Answer
The solutions are $3, -\dfrac{3 - 3i\sqrt {3}}{2}, \text{ and }-\dfrac{3 + 3i\sqrt {3}}{2}$.
Work Step by Step
We see that $x^3 - 27$ is the difference of two cubes. We can factor using the formula:
$(a - b)(a^2 + ab + b^2)$
We plug in the values, where $a = \sqrt[3]{x^3}$ (or $a = x$) and $b = \sqrt[3]{27}$ (or $b = 3$:):
$(x - 3)(x^2 + 3x + 3^2) = 0$
$(x - 3)(x^2 + 3x + 9) = 0$
Use the Zero-Product Property by equating each factor to $0$, then solve each equation.
First factor:
$x - 3 = 0$
$x = 3$
Second factor:
$x^2 + 3x + 9 = 0$
We cannot factor this polynomial, so we resort to using the quadratic formula, which is:
$x = \dfrac{-b \pm \sqrt {b^2 - 4ac}}{2a}$
where $a$ is the coefficient of the first term, $b$ is the coefficient of the 1st degree term, and $c$ is the constant.

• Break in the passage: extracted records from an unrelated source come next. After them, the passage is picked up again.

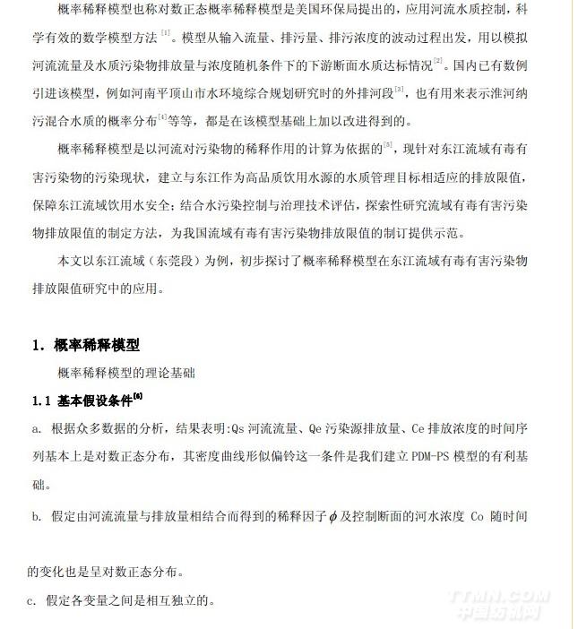 概率稀釋模型在東江流域(東莞段)有毒有害污染物排放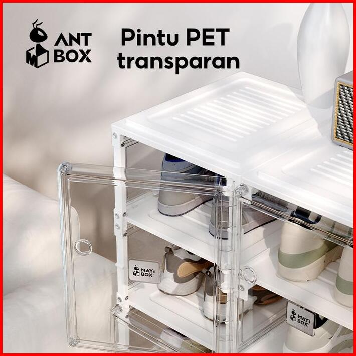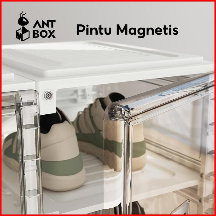 Antbox Rak Sepatu Susun Lemari Sepatu Tertutup Pintu Magnet Bening Transparan Rak Sepatu Minimalis
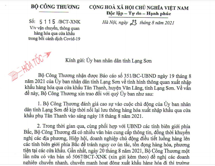 Ngày 23/8/2021 Thứ trưởng Bộ Công Thương Trần Quốc Khánh đã ký Công văn số 5115/BCT-XNK gửi UBND tỉnh Lạng Sơn đề nghị phối hợp, chỉ đạo các cơ quan, lực lượng chức năng trên địa bàn triển khai các biện pháp cấp bách tạo điều kiện thuận lợi cho vận chuyển, thông quan hàng hóa qua cửa khẩu trong bối cảnh dịch Covid-19.
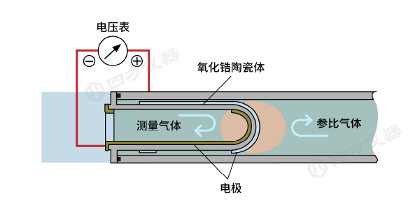 氧化鋯是一種優(yōu)良的固體電解質(zhì)材料。傳統(tǒng)氧化鋯氧傳感器由多孔高溫陶瓷電解質(zhì)管構(gòu)成,管內(nèi)外壁均涂覆多孔鉑層,分別作為陰極和陽(yáng)極。傳感器內(nèi)置高性能陶瓷加熱器與熱電偶探頭,共同維持可控的高溫環(huán)境(通常為650℃)。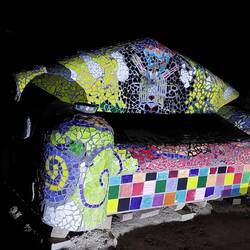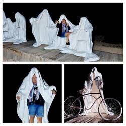 Als Jen und ich noch auf dem Weg sind, geht die Sonne bereits unter, zu lange stand sie im Stau, und wir erreichen die Geisterstadt im Dunkeln: „Wie Sie sehen, sehen Sie nichts!“, würde ich mal sagen. Aber Jen wäre nicht Jen, hätte sie nicht die passende Ausrüstung für dieses Unterfangen in ihrem Auto, derzeit ihrem eigentlichen „Heim“, nachdem sie für dieses Jahr ihre Wohnung gekündigt und ihren restlichen Besitz eingelagert hat. Sie holt zwei riesige Scheinwerfer hervor, hell genug, um damit nachts am Bau zu arbeiten, und wir machen uns mit ihnen zu einer Tour durch die Geisterstadt auf, in der tatsächlich Geister auf uns warten sollen. Wir passieren zunächst einige Gebäude, sehen eingefallene Hütten und einen verrosteten Truck mit Banksy-Motiv im letzten Licht der Sonne, dann das Bahnhofsgebäude. Es ist schon ein wenig unheimlich hier, nachts, so ganz alleine. Dann stoßen wir auf das Museum und dessen Gespenster, die der Künstler Albert Szukalski in den 80er Jahren aus Acryl angefertigt hat und die heute allein diese Stadt bewohnen. Wir mischen uns unter sein „Letztes Abendmahl“ und versuchen das Fahrrad des einsamen Geistes zu entwenden... Auch die Pink Lady und die Mosaikcoutch finden wir im Dunkeln. Für das Bottle House werden wir aber wohl bei Tag noch einmal wiederkommen müssen, so finster wie es ist, und treten den Rückweg an.

Substitute $a=1, b=3, \text{ and } c=9$ into the formula:
$x = \dfrac{-3 \pm \sqrt {(3)^2 - 4(1)(9)}}{2(1)}$
$x = \dfrac{-3 \pm \sqrt {9 - 36}}{2}$
$x = \dfrac{-3 \pm\sqrt {-27}}{2}$
$x = \dfrac{-3 \pm \sqrt {(-9)(3)}}{2}$
We can take out $-9$ from the radical because the square root of $-9$ is $3i$:
$x = \dfrac{-3 \pm 3i\sqrt {3}}{2}$
The solutions are $3, -\dfrac{3 - 3i\sqrt {3}}{2}, \text{ and }-\dfrac{3 + 3i\sqrt {3}}{2}$.